第18話 追求

 満を持して桐生渚に話しかける魔王ユリウス。


 ラバーナにルブランとしてアクセスしている桐生渚に、ログインしないで直接脳内に話しかけるという魔法仕掛けの荒技で出だしから相手を圧倒させ、さらにその話の中身でも相手をねじ伏せていく。


『おぬしを見ておると、わしの駆け出しの頃を思い出す。何をやるにもまっとうに評価されんかった。理由はいくつかある。まず女であること。もひとつは美しすぎて有能であることに気づかれなかったこと。そして、そのせいで妬みを買ったことじゃな』


「……は、はぁ」


 声しか聞こえてこないのに凄まじい自信があふれ出してくるから、ただただ圧倒されるだけの桐生渚。


『おぬしも随分と苦しい思いをしているようじゃな。言葉にせずともわかるぞ。なぜか聞きたいか? わしが優秀だからじゃ』


「は、はぁ」


『時に娘よ。おぬしが己を偽り、この場で行儀の良くない商いを続けるのはなぜじゃ。答えずとも良い。わしにはわかるぞ。齢や容姿にとらわれず、作ったものだけで純粋に評価して欲しいから。そうじゃろう? うむ』


「……あ、ええっと」


 いきなりそんな事言われても整理ができないが、社長はぐいぐい話を進めてしまう。自分が間違っているとは絶対感じていないようだし、事実、社長の言葉は結構刺さってもいる。


『その態度。素直でよろしい。しかし惜しいかな! その狙いは少々ぶれておる! なぜか聞きたいか?』


「ええっと」


『ならば教えてやろう! おぬしの今のやり方では真っ当に評価などされぬ! おぬしはその腕とプライドゆえ、自らをダヴィンチや北斎、あるいはターナーやベラスケスに匹敵する画家だと思われたいのであろうが!』


「あ、いえ、そんな凄い人とは別に」


 恐ろしいこといわないでくれと首をぶんぶん振って拒絶するけれど。


『遠慮するでない! それくらい自分を高めておかんとわしのようにはなれぬぞ! なりたいであろう、わしのような至高の存在に!』


「あ、はい」


『しかしのう。今のやり方では誰もがおぬしのことをこう思うだけじゃ。出来のいい武器をタダ同然で放り出すトンチキなプレイヤーじゃと』


「うっ!」


 この言葉は結構効いた。

 その通りだと思った。


『では聞こう。今のやり方でおぬしは満足しておるのか? 表と裏の顔を使い分け、さらに理想の自分に近づけるためにラバーナでルブランと名乗る。己を三つに分けることでおぬしがなりたい存在に近づけるか? どうじゃ? 答えるのじゃ!』


 なんか急に怒られているような気になってきた。


「ううっ!」


 画家になれると甘い言葉に引っかかって汚い大人に振り回されてきた反動で、今の自分がそこそこの反抗期だとは自覚している。

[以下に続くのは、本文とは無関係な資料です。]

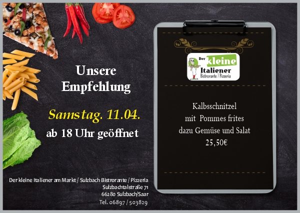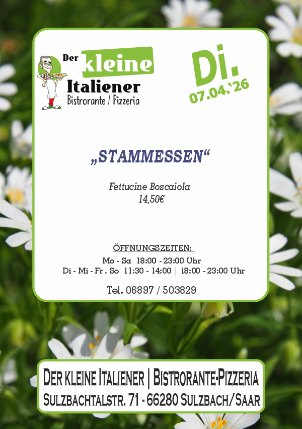 Der kleine Italiener freut sich an jedem Tag der Woche auf seine Gäste. Von Montag bis Freitag bieten wir täglich wechselnde Stammessen, mit Fleisch oder vegetarisch. Donnerstag ist Ruhetag. Auch Samstag und Sonntag gibt es neben der umfangreichen Standard-Karte ein Zusatzgericht, zum Beispiel Lammkotelett oder Kalbsleber. Zu besonderen Kalender-Anlässen lockt Salva die Gäste gerne an ein Themen-Buffet. An Fasching sind dort viele verschiedene Herings-Schmankerl zu kosten: mit Erdbeeren, mit Avocado, mit Roter Bete, mit Mango... Und im Oktober gibt es Eisbein oder Ente, Sauerkraut ist immer dabei.
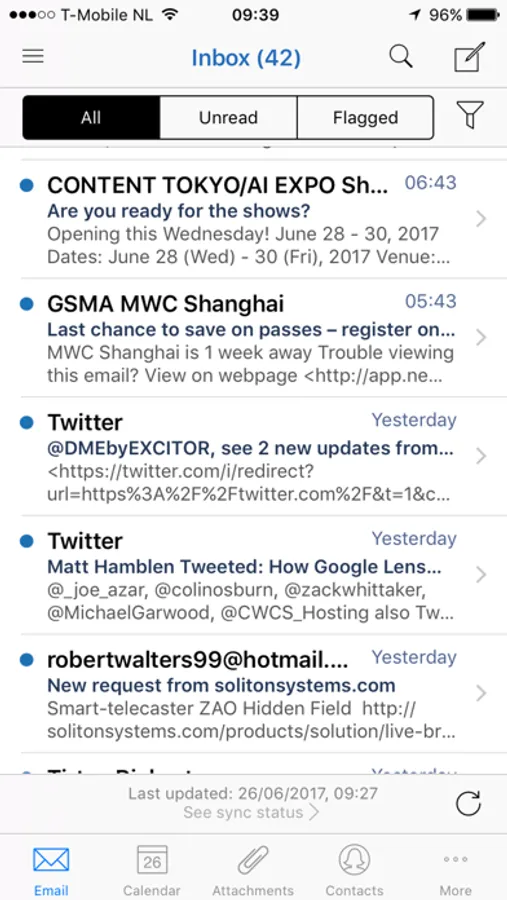 - Quickly view unread and flagged emails without accessing folders.

 ゆえに自分のやっていることで周囲の大人から、ああだこうだ言われたことは何度もあるが、そのどれも突っ放してきた。

 自分のやりたいことをやって何が悪いと生意気であり続けた。


 大人の言うことなんか絶対に聞くもんかと尖ってきたのに、なぜかこの女社長を前にすると、いともたやすく自分が揺らぐ。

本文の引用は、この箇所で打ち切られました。